Diploma 3 Forensic Architecture using a Pléiades satellite photograph of eastern Rafah, 11.39am, 1 August 2014


Christina Varvia, Merve Anil

From Brunelleschi’s anamorphic projections to present-day machine vision the architectural act has always relied on optical devices to inform its perception and production of space. Today, the speed with which new technological prostheses transform our sensorium – our ability to see, hear, perceive – challenges the boundaries of architecture. This unit proposes a deep interrogation of the technologies that capture, process and transform space into media.

Nowhere is this more relevant than in the fields of conflict. Territories are no longer only physical realities guarded by fences but also fields of view, frequency spectrums, circuits of electricity. Whether smartphones, body cameras, CCTV, drones, satellites, radar, sonar, or laser, these systems have a political afterlife. When such media enter into the legal process as evidence, their technological thresholds are in fact the locale of political struggle – they are fought over, often with the same rigour as nations defend their physical borders. If architects are to regain their agency within the media-saturated present, they ought also to become critical technologists, experts, artists and activists.

Drawing from the work of Forensic Architecture, the unit will develop investigative frameworks to examine the ruptures of civic life, the moments when otherwise dormant political forces erupt in violent expression.
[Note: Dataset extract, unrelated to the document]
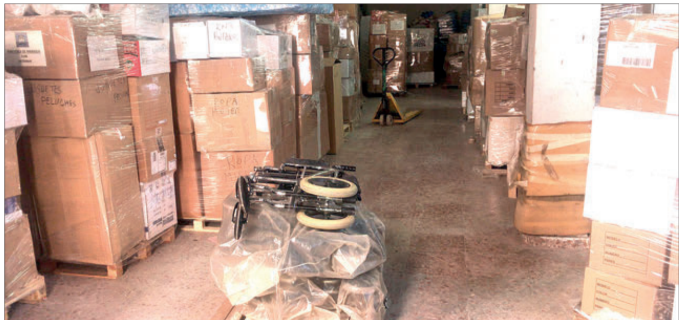
Més de 7 tones d'articles per a ajudar a la població ucraïnesa.

Des de l'Ajuntament s'ha agraït a empreses, associacions, persones voluntàries, Protecció Civil i, en definitiva, a tota la població, per la seua gran col·laboració i resposta davant aquesta campanya de suport a Ucraïna.

We will analyse the choreography of violence and forensically unpack breaking news about police brutality, urban warfare and government corruption.

Working in four dimensions and shifting scales from the granularity of the moment to the latency of centuries, we will design optical devices, media hacks, radio glitches and spatial interventions that will mobilise and activate political movements.

Building on a series of open research seminars and workshops with theorists, scientists, activists and artists, the projects will operate in a variety of forums, from human rights courts to parliaments, press conferences and exhibitions. These forums will be considered as sites for intervention, as well as presentation and performance, making the research operative, enacted and alive.


Christina Varvia is an architect, researcher and the Deputy Director of Forensic Architecture at Goldsmiths College. Her research concentrates on architectural evidentiary techniques, digital media and memory. She has worked with multiple NGOs and published and exhibited internationally. She recently joined the Technology Advisory Board at the International Criminal Court in the Hague.

Merve Anil is a qualified architect and has worked at numerous practices based in London, Rotterdam and Istanbul across a range of scales and methodologies, including as a researcher whilst at OMA. Merve graduated from the AA in 2014 and currently works for London-based practice AHMM.

Unit Collaborator

Eyal Weizman is an architect, Professor of Spatial and Visual Cultures, and Director of Forensic Architecture. He is a founding member of the architectural collective DAAR in Beit Sahour/Palestine and a member of board of directors of the Centre for Investigative Journalism. His books include Forensic Architecture: Violence at the Threshold of Detectability, FORENSIS, Mengele’s Skull (with Thomas Keenan), The Least of All Possible Evils, and Hollow Land.